Proof. $(i)$ It is because $T$ is generated by symmetric real matrices $$A, E^*_0(x), E^*_1(x), \ldots, E^*_{d(x)}(x).$$

$(ii)$ Pick $v\in W^\bot$ and $a\in T$, it suffices to show that $av\in W^\bot$. For all $w\in W$,

$$\langle w, av\rangle = \langle a^*w, v\rangle = 0$$ as $a^*\in T$.

$(iii)$ This is proved by the induction on the dimension of $T$-modules. If $W$ is an irreducible $T$-module of $V$, then

$$V = W + W^\bot \quad \textrm{(orthogonal direct sum)}.$$

Problem. What does the structure of the $T(x)$-module tell us about $\Gamma$?
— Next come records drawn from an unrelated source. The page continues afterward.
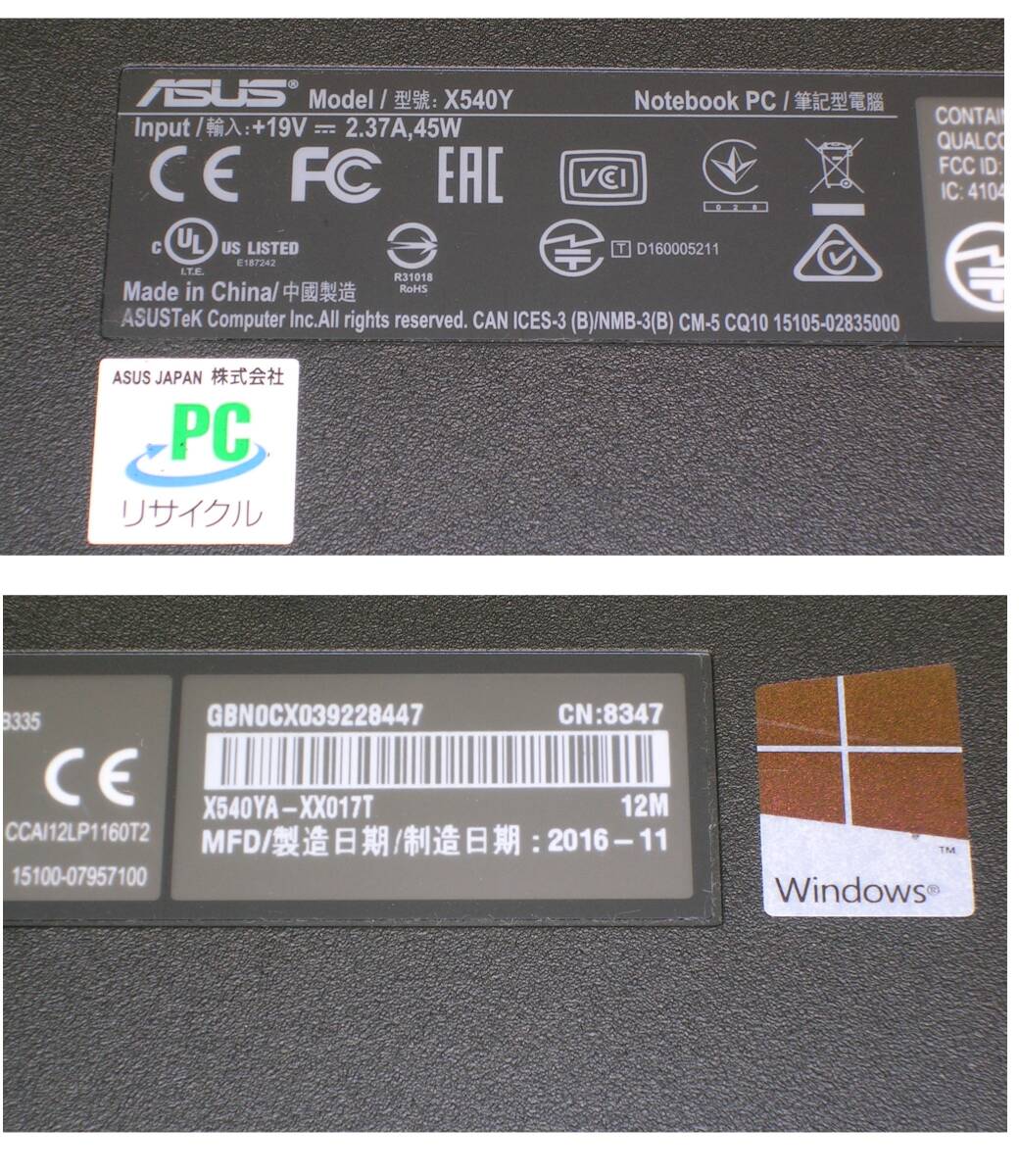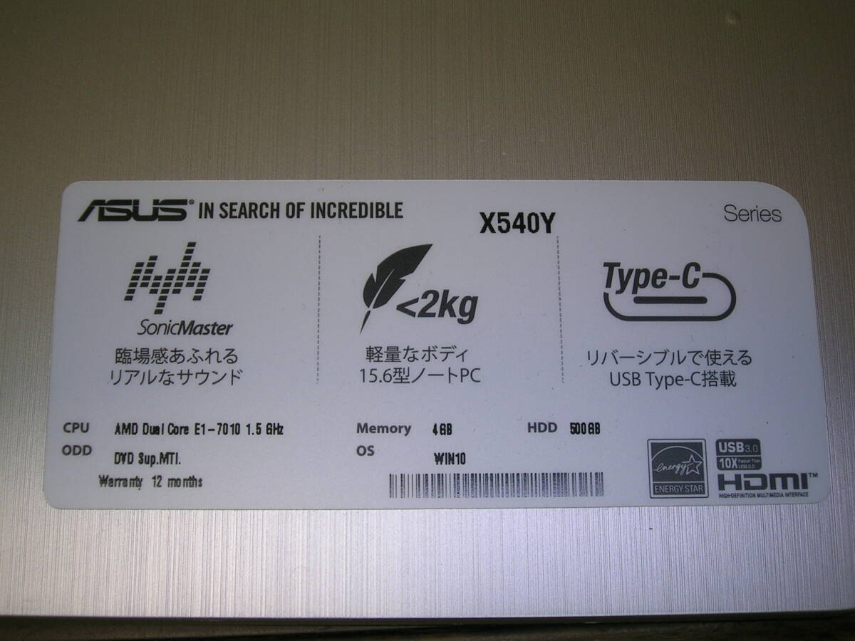 ASUS X540Y CPU:AMD E1 メモリ:4GB 低スペックPC  Win11無理やりインスト HDD&固定ネジ欠品 ジャンクで(1160f)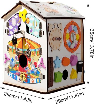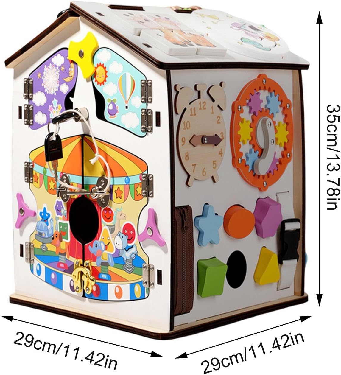 The Busy Board House invites children into familiar, real-life experiences: opening doors, turning keys, sliding locks, switching lights. All these simple actions help develop coordination, independence, and understanding of cause and effect — in a way that feels natural and joyful.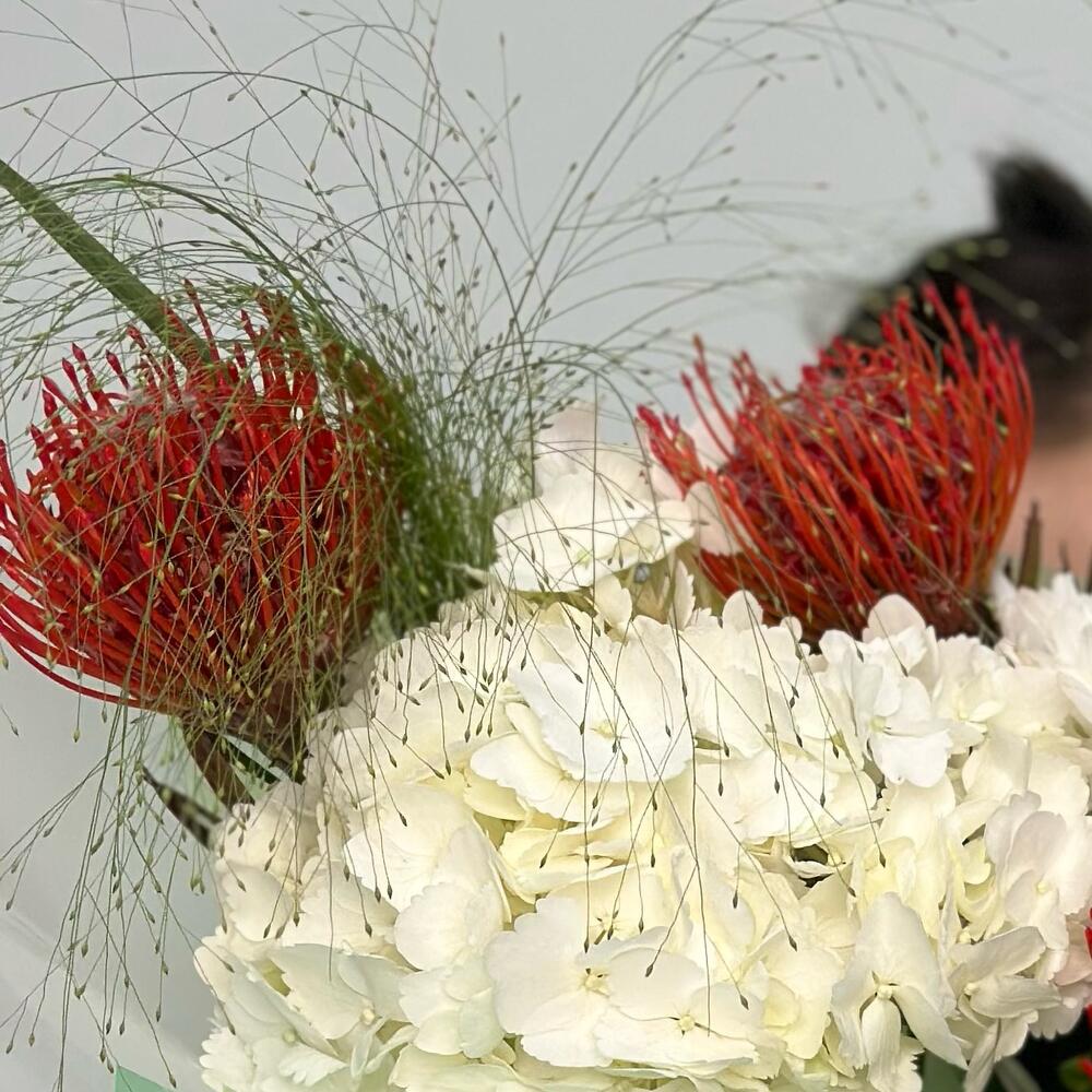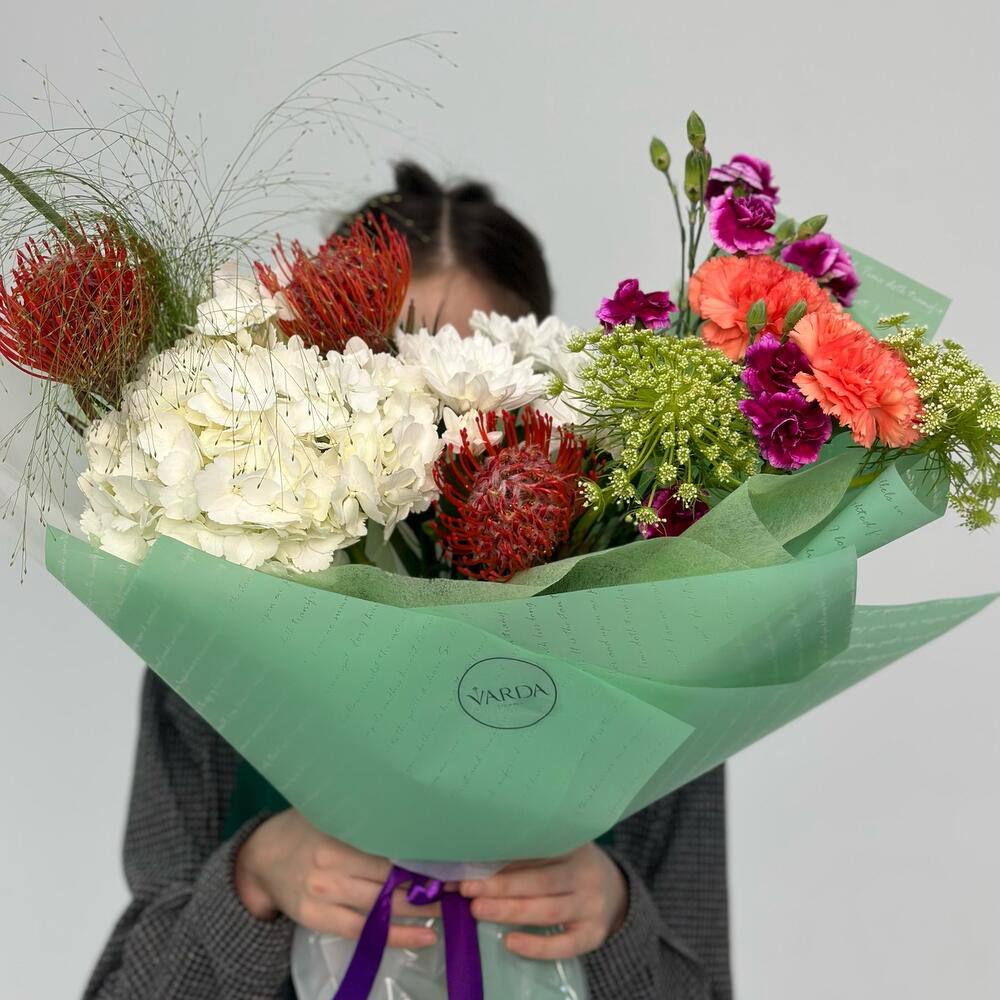 Гвоздики, Кустовые розы, Пионовидные розы, Розы

Study those $\Gamma$ whose modules take ‘simple’ form. The $\Gamma$’s involved are highly regular.

HS MEMO

1. The subconstituent algebra $T$ is semisimple as the left regular representation of $T$ is completely reducible. See Curtis-Reiner 25.2 (Charles W. Curtis 2006).
2. The inner product $\langle a, b\rangle_T = \mathrm{tr}(a^\top\bar{b})$ is nondegenerate on $T$.
3. In general, $$\begin{align*} T\textrm{: Semisimple and Artinian} & \Leftrightarrow T\textrm{: Artinian with } J(T) = 0 \\ & \Leftarrow T\textrm{: Artinian with nonzero nilpotent element} \\ & \Leftarrow T \subset \mathrm{Mat}_X(K) \textrm{ such that for all } a\in T \textrm{ is normal.} \end{align*}$$

References

Charles W. Curtis, Irvin Reiner. 2006. Representation Theory of Finite Groups and Associative Algebras. UK. Chelsea Pub Co.